[Stored dataset items]
***

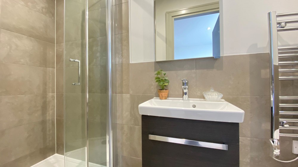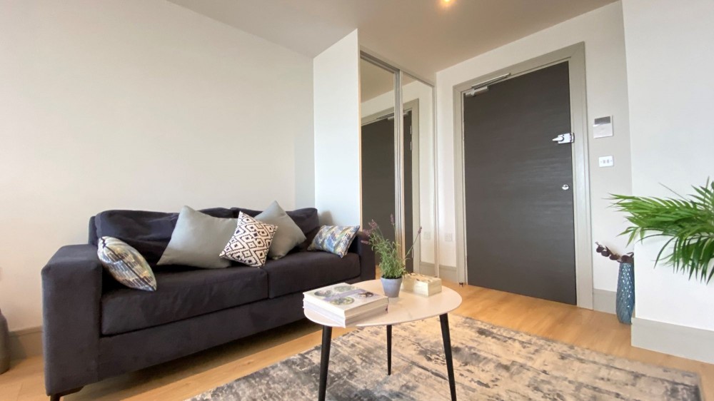 Additional features include a stylish bathroom complete with a modern walk-in shower, a sleek vanity unit, heated towel rail, and built-in shelving for convenient storage. The property benefits from a secure and sophisticated entrance lobby, boasting contemporary lighting, a professional reception desk, and secure mailboxes for residents’ peace of mind. Modern decor throughout, along with thoughtful details like mirrored wardrobes and decorative touches, enhance the flat’s appeal. With convenient lift access and a welcoming communal atmosphere, this flat is ideal for those seeking a comfortable, low-maintenance home. Its proximity to vibrant shopping areas and excellent public transport links makes it perfect for professionals or couples looking for an urban lifestyle.
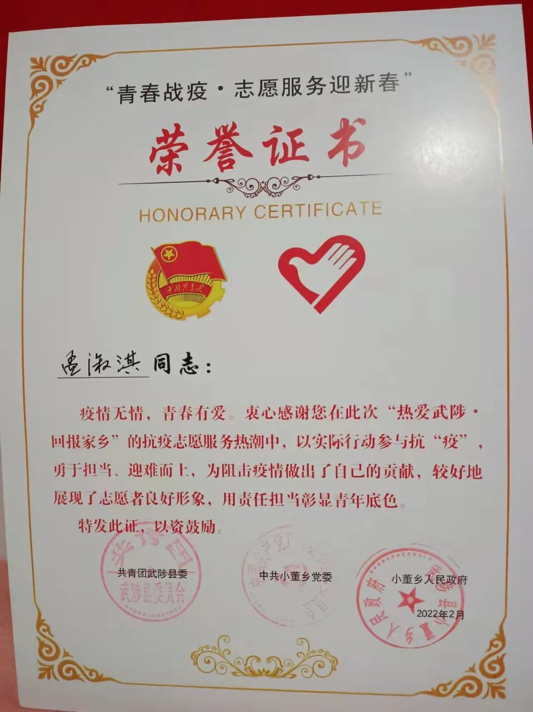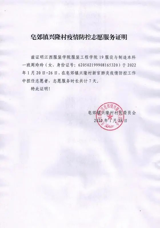 服装工程学院讯(撰稿 许诺)2022年寒假期间,新冠疫情又一次出现了反弹,服工学子回到家乡后,积极参与社会实践活动,争做家乡疫情防控志愿者,诸多学子受到了当地社区的表扬。
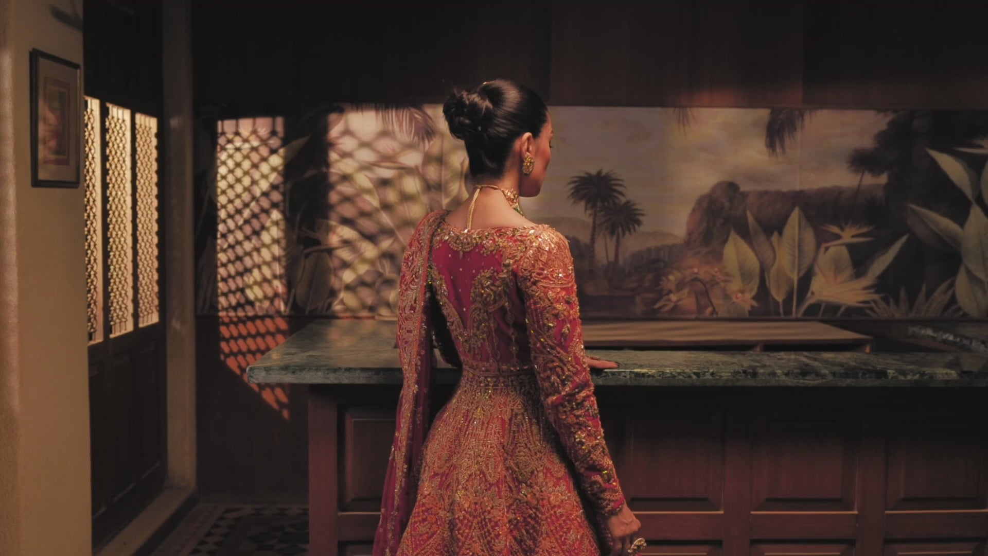 A majestic red color attire made with intricate embroidery and gotta work adorned with emerald green stones and crystal work followed by diverse sequins giving it all royal feels.
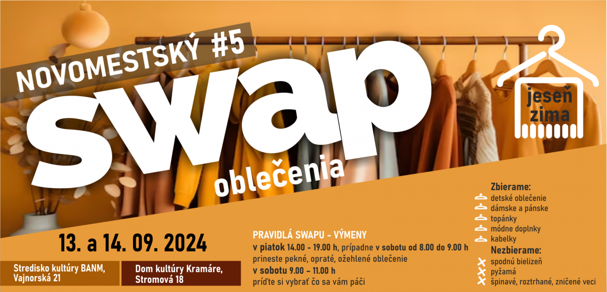 Podľa informácií Štatistického úradu Slovenskej republiky sa na území Hlavného mesta SR Bratislavy v roku 2021 vyhodilo vyše 140 ton šatstva a ďalších takmer 60 ton textílií. Oblečenie tak nielenže končí zbytočne v koši, ale produkty tzv. fast fashion (rýchla móda) škodia životnému prostrediu už pri samotnej výrobe. Aj to sú dôvody, pre ktoré sa mestská časť Bratislava-Nové Mesto spoločne s partnermi Ekocharita a Únia miest Slovenska rozhodli usporiadať Novomestský SWAP oblečenia.
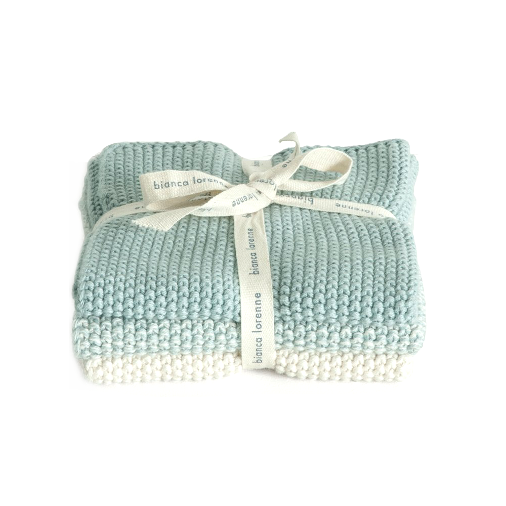Bianca Lorenne's Lavette knitted washcloths come in a set of 3 and feature a mix of duck egg blue tones.
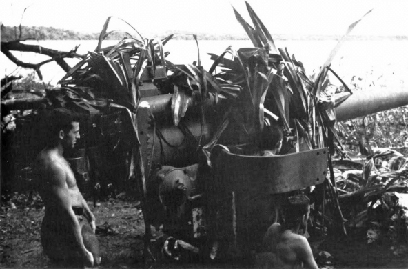 Camouflaged Japanese 140mm naval guns with their ammunition intact were found and put out of action at Enogai by the raiders’ landward attack.
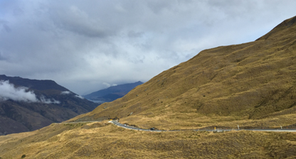 这条公路位于海拔1076米,建于1861年。两旁一片苍茫。离开Wanaka向南面山区行进,周围的风景渐渐改变了风格,不再是郁郁葱葱的绿色草原,色调变成末日荒凉般的金黄色。公路海拔渐渐升高,我们就在这满是荒草的山坡边盘旋,直到最高处的观景台,可以俯瞰来时的路。
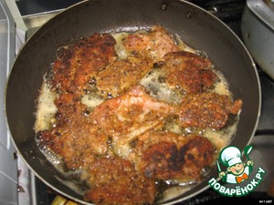 Обжариваем до золотистого цвета, хотя из-за кунжута курица получается темноватая.
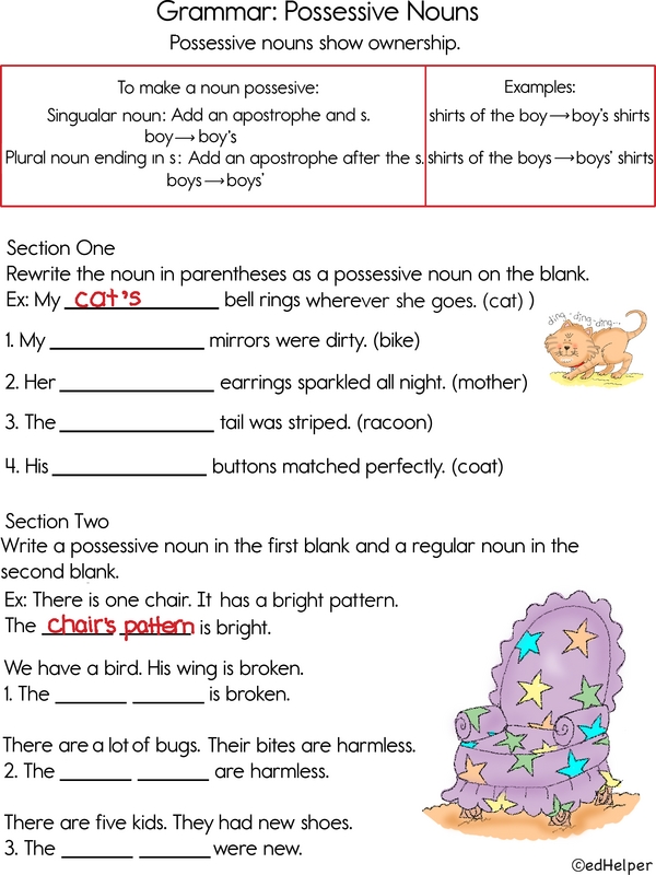 Ready to stake a claim? Use a possessive noun! Here are some common grammar rules to show ownership. For a singular noun, add an apostrophe and s, like boy's. For a plural noun ending in s, add an apostrophe, like boys'. For a plural noun not ending in s, add an apostrophe and s, like children's. Today, you'll practice the first two rules. Follow the directions and complete the activity.

***

▶ _Task details_: Output exactly and only the lines from the line containing "Podľa informácií Štatistického" to the end of the entries, both included, and omit every picture.

▶ _Answer to this problem_:
 Podľa informácií Štatistického úradu Slovenskej republiky sa na území Hlavného mesta SR Bratislavy v roku 2021 vyhodilo vyše 140 ton šatstva a ďalších takmer 60 ton textílií. Oblečenie tak nielenže končí zbytočne v koši, ale produkty tzv. fast fashion (rýchla móda) škodia životnému prostrediu už pri samotnej výrobe. Aj to sú dôvody, pre ktoré sa mestská časť Bratislava-Nové Mesto spoločne s partnermi Ekocharita a Únia miest Slovenska rozhodli usporiadať Novomestský SWAP oblečenia.
Bianca Lorenne's Lavette knitted washcloths come in a set of 3 and feature a mix of duck egg blue tones.
 Camouflaged Japanese 140mm naval guns with their ammunition intact were found and put out of action at Enogai by the raiders’ landward attack.
 这条公路位于海拔1076米,建于1861年。两旁一片苍茫。离开Wanaka向南面山区行进,周围的风景渐渐改变了风格,不再是郁郁葱葱的绿色草原,色调变成末日荒凉般的金黄色。公路海拔渐渐升高,我们就在这满是荒草的山坡边盘旋,直到最高处的观景台,可以俯瞰来时的路。
 Обжариваем до золотистого цвета, хотя из-за кунжута курица получается темноватая.
 Ready to stake a claim? Use a possessive noun! Here are some common grammar rules to show ownership. For a singular noun, add an apostrophe and s, like boy's. For a plural noun ending in s, add an apostrophe, like boys'. For a plural noun not ending in s, add an apostrophe and s, like children's. Today, you'll practice the first two rules. Follow the directions and complete the activity.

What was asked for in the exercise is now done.